For a decade, the data was free. Wikipedia, Reddit, the open web, Common Crawl, Books3 (which turned out to be pirated, but that's another story). OpenAI, Anthropic, Google, Meta, every frontier lab built their first generation of models on scraped data they did not pay for and, in many cases, were not licensed to use. The New York Times is still suing. Getty Images is still suing. Authors are still suing. The free buffet is being shut down one lawsuit at a time.
Which brings us to the constraint nobody at NVIDIA's GTC wants to talk about. The frontier models have eaten the internet. Literally. GPT-5, Claude 4, Gemini Ultra, Grok 4, they have all been trained on something close to the entire publicly available text corpus of human civilisation. There is no more internet to scrape. The next leg of AI capability does not come from more web data. It comes from data that does not yet exist in a usable form.
That data falls into three buckets. First, proprietary enterprise data sitting inside Fortune 500 companies (medical records, legal contracts, engineering schematics, customer support logs) that has never been digitised in a model-ready format. Second, synthetic data generated by other models, which sounds elegant until you realise it leads to model collapse if you do not curate it ruthlessly. Third, and most valuable, expert-labelled data created by humans who actually know what they are doing. PhD-level chemistry annotations. Doctor-reviewed clinical reasoning chains. Lawyer-tagged contract clauses. Software engineer feedback on code outputs.
This third bucket is where the real money is moving. Scale AI was selling this kind of work to Meta and OpenAI for hundreds of millions a quarter before Meta paid roughly $14 billion to acquire 49% of it in 2024. That single transaction told you everything about how the frontier labs view this problem. They will pay almost anything for high-quality, expert-labelled, defensibly-licensed training data, because the alternative is a model that hallucinates in regulated industries and gets them sued into oblivion.

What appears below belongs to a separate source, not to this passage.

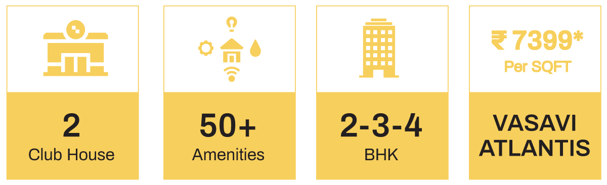Conceived and created by the experienced Vasavi Group with an impeccable 27-year legacy around the core tenet of ‘Happy Living’, Vasavi Atlantis has been designed as an ‘Investment in Happiness’.
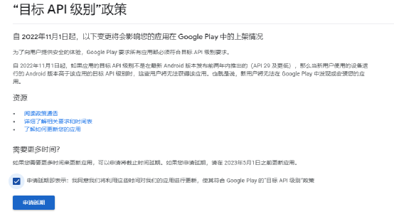 由于某些原因导致开发者无法近期更新的话,可以通过 Play 管理中心后台进行一次性的延期申请。

And here is the second-order play that the market has not woken up to. Scale AI is now effectively a Meta subsidiary, which means every other frontier lab (OpenAI, Anthropic, Google, xAI, the Chinese labs, the sovereign AI projects in the UAE and Saudi Arabia, the defence-grade work happening at Anduril and Palantir) needs an alternative. Needs one urgently. Needs one that is not owned by a direct competitor.
That is a market with roughly $15-20 billion of annual demand and one credible independent player at scale who is publicly listed, profitable, and has been doing this work for thirty-eight years before anyone called it AI.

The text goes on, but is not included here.